Figure 3. Intel's 300mm 45nm wafers like the one shown here are used to make its newest dual and quad-core processors that are made up of hundreds of millions of the company's new 45nm transistors with Hafnium-based high-k metal gate silicon technology. Photo credit: Intel Newsroom.
When implementing these decision support systems, we have explored three distinct approaches to answering the question “how do we do better?” Initially we employed strong algorithms in brute force mode to try to overwhelm intuitions. After users helped ratify initial conditions and specified goals, our system produced a solution for complex tactical problems, like factory floor execution, that was carried out without modification. With appropriate user training to understand the algorithm and feedback loops to improve it, this worked well. But upon addressing more strategic problems, such as demand forecasting, we began leveraging intuitions in our decision support systems in ways intended to reduce the impact of biases. For example, we employed “wisdom of crowds” and “decision markets” to great advantage. Recently, in building decision support systems for our most senior management, we are making explicit use of intuition. We model and solve the business problem, ultimately providing a small set of very good solutions and a suite of graphical interrogation and what-if tools. Users can apply their business intuitions to select between the candidates or generate and evaluate additional candidates. The analytics inform the intuitions and the intuitions inform the analytics. This third approach has generated very positive outcomes on multi-billion dollar decisions [3], much improved over previous methods.

These are encouraging results, but we are still only in the early stages of understanding how to optimally combine ancient and deeply-ingrained human mental processes with modern computers and algorithms [2]. The desire for faster, better decisions as a competitive business advantage drives our experimental work, but we continue to hope for a strong theory to offer guidance. 

References
[1] Kahneman, D., & Klein, G. (2009). Conditions for intuitive expertise: a failure to disagree.
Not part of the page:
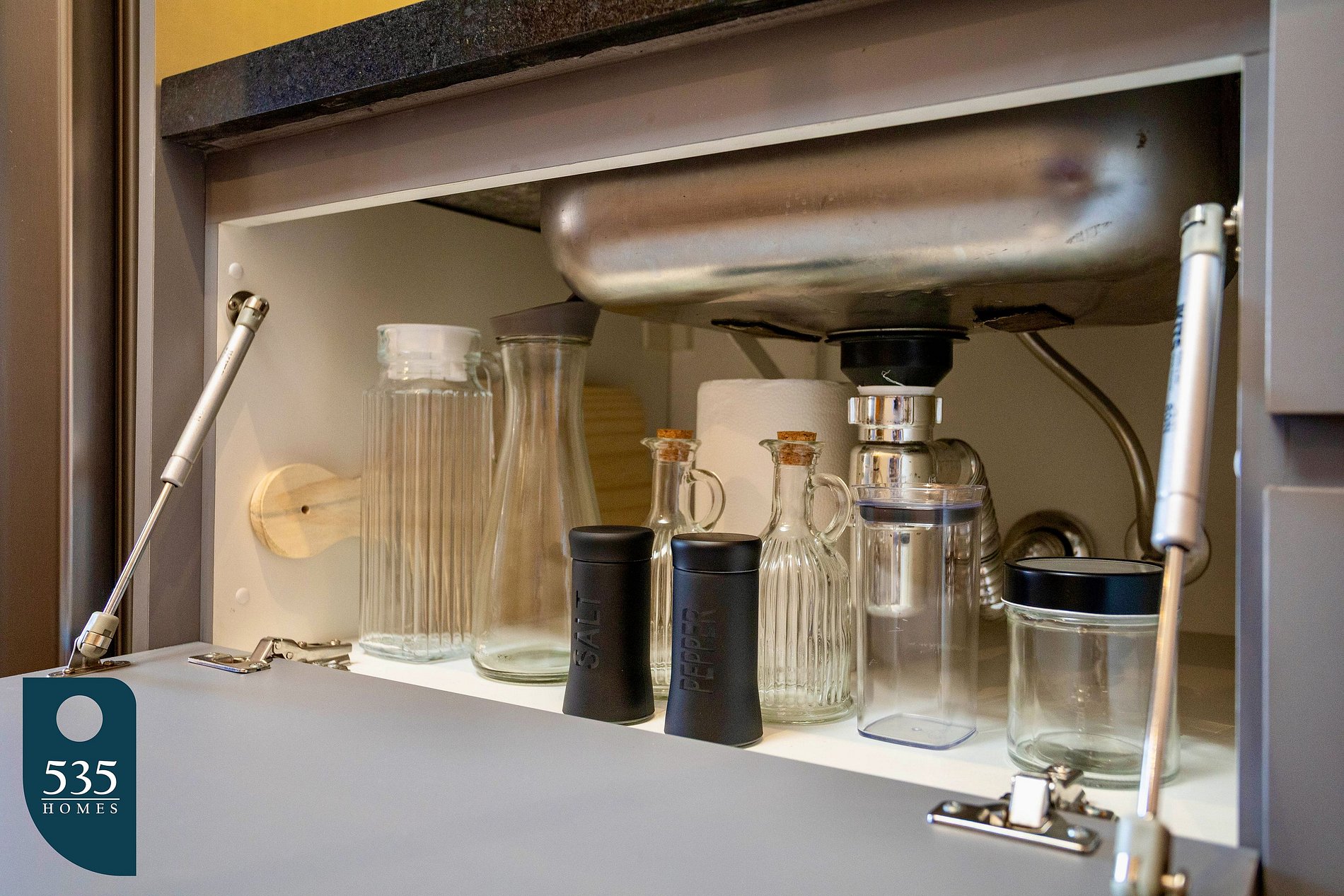 This short-term rental apartment offers comfort and practicality in a functional space. The kitchen is equipped with a refrigerator, microwave, two-burner induction cooktop, range hood, blender, sandwich maker, electric coffee maker, Italian coffee maker, water purifier, kitchen utensils, and a set of pots with lids. The apartment also includes a portable clothes rack and clothespins for added convenience.

American Psychologist, 64(6), 515–526.

[2] Kempf, K. (2015). Applied mathematics for business decision making: the next frontiers, presented at 8th Inter. Congress on Industrial and Applied Mathematics, Beijing, 2015, 135-158.

[3] Sampath, S., Gel, E. S., Fowler, J. W., & Kempf, K. (2015). A Decision-Making Framework for Project Portfolio Planning at Intel Corporation. Interfaces, 45(5), 391-408.

[4] Simon, H. A. (1972). Theories of bounded rationality. In C. McGuire & R. Radner (Eds.), Decision and Organization, (pp. 161-176). Amsterdam: North-Holland Publishing Company. 

[5] Tversky, A., & Kahneman, D., (1974). Judgment under uncertainty: heuristics and biases. Science, 185(4157), 1124-31.

Karl Kempf is a senior fellow and director of Decision Engineering at Intel Corporation. He is a member of the National Academy of Engineering, a fellow of both the IEEE and INFORMS, and serves as a research adjunct at Arizona State University.